Die Rückfahrt am Sonntag ging wegen viel Gegenwind etwas langsamer voran als die Hinfahrt und auf Höhe Köpenick wollte ein Wahnsinniger mein Schwimmding entern. Er war mit seinen zwei etwa zehnjährigen Kindern auf einem Surfbrett unterwegs, hing sich an mein Boot und ließ sich ziehen. Auf meinen Einspruch hin meinte er: "Kinder, wir übernehmen jetzt die Gewalt über das Schiff, ich zeige euch mal, wie man ein Boot entert." Und tatsächlich machte er den Versuch, auf seinem Surfbrett stehend über das Geländer an Bord zu klettern. Begleitet von Kindergebrüll: "Papa mach das nicht, Papa hör auf !!!"

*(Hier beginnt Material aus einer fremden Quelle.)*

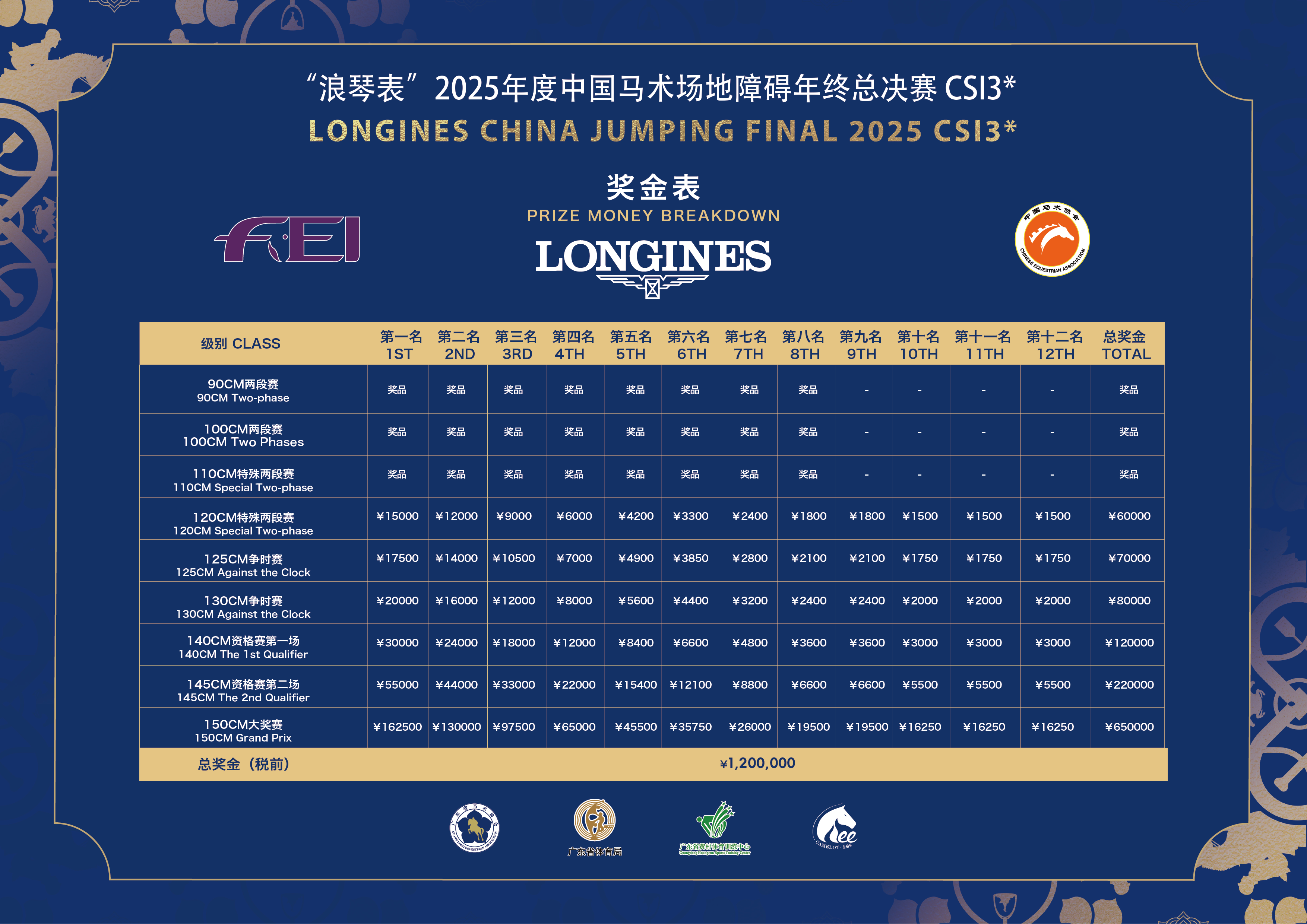 “浪琴表”2025年度中国马术场地障碍年终总决赛CSI3*将于2026年1月22日(周四)至1月25日(周日)在广东省黄村体育训练中心举办。为使比赛顺利进行,现将赛事有关事宜通知如下:

Was tun? Das Pfefferspray lag irgendwo im Zelt und das Zelt war zusammengeklappt. Wer rechnet auch schon am hellichten Tag mitten in Berlin mit einem Piraten? Sollte man ihm mit dem Bootshaken eins über den Kopf ziehen? Dann wurde der vielleicht ohnmächtig, würde absaufen und man musste ihn auch noch retten und wiederbeleben. Und was würden die Kinder davon halten? Wieso darf so ein Wahnsinniger überhaupt Kinder erziehen? Für jeden Scheiß braucht man hier in Deutschland einen Schein und eine Prüfung, nur für das Erziehen der nächsten Generation nicht, das darf ungestraft jeder Vollidiot.

Ich trommelte dem Piraten mit dem Haken energisch solange auf die Finger, bis er das Geländer losließ und zurück in die Dahme fiel, wo er von seinen Kindern mit dem Surfbrett gerettet wurde.